— Хм! Теперь зато у нас есть железные дороги, — прошептала она насмешливо.
— Девочка! — воскликнул он задыхаясь, — ты серьезно говоришь это? Ты бы могла — у тебя бы хватило смелости? О, бесценная Нанни, если б я захотел увезти тебя, ты любишь ли меня настолько, чтоб последовать за мной на край света?
Она покачала головой. Послышалось как бы сдержанное хихиканье.
— Боже упаси! — отвечала она, — нам стоит доехать только до Пасинга. Папаша прокатил бы тогда мимо нас. Или как это сделали уже двое: вышли из дому, взобрались на колокольню Святого Петра, там спрятались у сторожа и смеялись над людьми, которые, на поисках за ними, изъездили все окрестности.
— Нанночка, — ты бы хотела? О, какая счастливая мысль! Завтра, если ты говоришь серьезно, завтра вечером, в это время…
На этот раз она рассмеялась действительно, но осторожно, прикрывши рот платком.
— Перестаньте, — сказала она, — ведь все это только пустая болтовня! Об этом не может быть и речи — мать умерла бы с горя — и, кроме того… впрочем, пора домой, Фанни уже встала.
Она поспешно углубилась в молитвенник, чтобы поскорей покончить молитвы. Он же, возбуждаемый любовью, жаждой подвигов и таинственным, окружавшим их мраком, страстно шептал:
— И ты хочешь расстаться со мной таким образом? Ни одного — даже украдкой. О, Нанни! Ты совершила бы приятное Богу дело. Один поцелуйчик в честь…
Девушка словно оцепенела, так неподвижно стояла она на коленях с закрытыми глазами. Затем она сделала движение, как бы желая встать, но при этом молитвенник соскользнул со скамьи и упал между ней и ее рыцарем.
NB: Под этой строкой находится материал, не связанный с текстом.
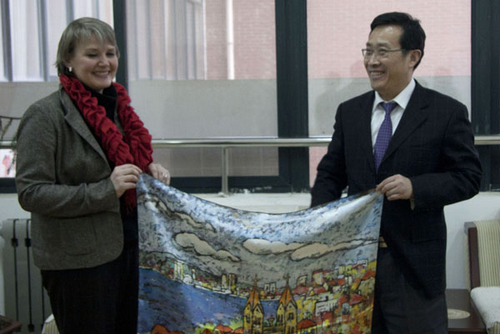 李国华副校长、校区办主任齐德义、建筑学院副院长刘崇和国际交流与合作处处长刘春堂等陪同接待并向客人赠送了纪念礼品。(国际交流与合作处)

Она быстро нагнулась, чтобы поднять его, и так как он не мог не сделать того же, то ничего не могло быть естественнее, что их лица коснулись, в глубоком мраке, так близко друг к другу, что он успел напечатлеть летучий поцелуй на круглой ее щечке.
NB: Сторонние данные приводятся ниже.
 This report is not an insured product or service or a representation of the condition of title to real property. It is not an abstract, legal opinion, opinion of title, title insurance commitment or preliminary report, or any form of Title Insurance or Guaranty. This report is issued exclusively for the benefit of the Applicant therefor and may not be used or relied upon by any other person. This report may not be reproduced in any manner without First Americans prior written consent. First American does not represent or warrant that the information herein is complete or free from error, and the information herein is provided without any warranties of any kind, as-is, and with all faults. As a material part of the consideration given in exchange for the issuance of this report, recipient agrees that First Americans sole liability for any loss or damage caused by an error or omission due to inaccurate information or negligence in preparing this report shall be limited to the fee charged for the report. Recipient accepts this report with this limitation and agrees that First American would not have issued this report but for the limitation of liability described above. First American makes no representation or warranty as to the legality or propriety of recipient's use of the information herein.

Она, кажется, даже не заметила этого.
— Благодарю вас, — сказала она подымаясь и принимая книгу, которую он любезно предложил ей. — Покойной ночи! Но теперь вы не должны идти за нами вслед!
Она сказала это тоном, который заставлял сильно сомневаться в серьезности ее желаний. При этом она встала и быстро отошла от скамейки, спеша к сестре, которая с опущенными глазами ожидала ее у чаши со святою водою.
Набожно преклонившись перед главным алтарем, обе стройные девушки окропили себя еще раз святою водою и покинули церковь, как и вошли, с опущенными вуалями и молитвенниками в руках.
Пять минут спустя и Розенбуш под руку с актером выходил из главных дверей. Батальный живописец бросил единственную остававшуюся у него монету, ценою в несколько грошей, в шляпу хромого нищего.
— Пресвятая Богородица, — воскликнул он, — жизнь все же хороша, даже несмотря на всех живущих в мире перчаточников!
— Куда мы идем? — спросил его мрачно настроенный приятель, у которого тайна его возлюбленной прогнала всякую любовь к жизни.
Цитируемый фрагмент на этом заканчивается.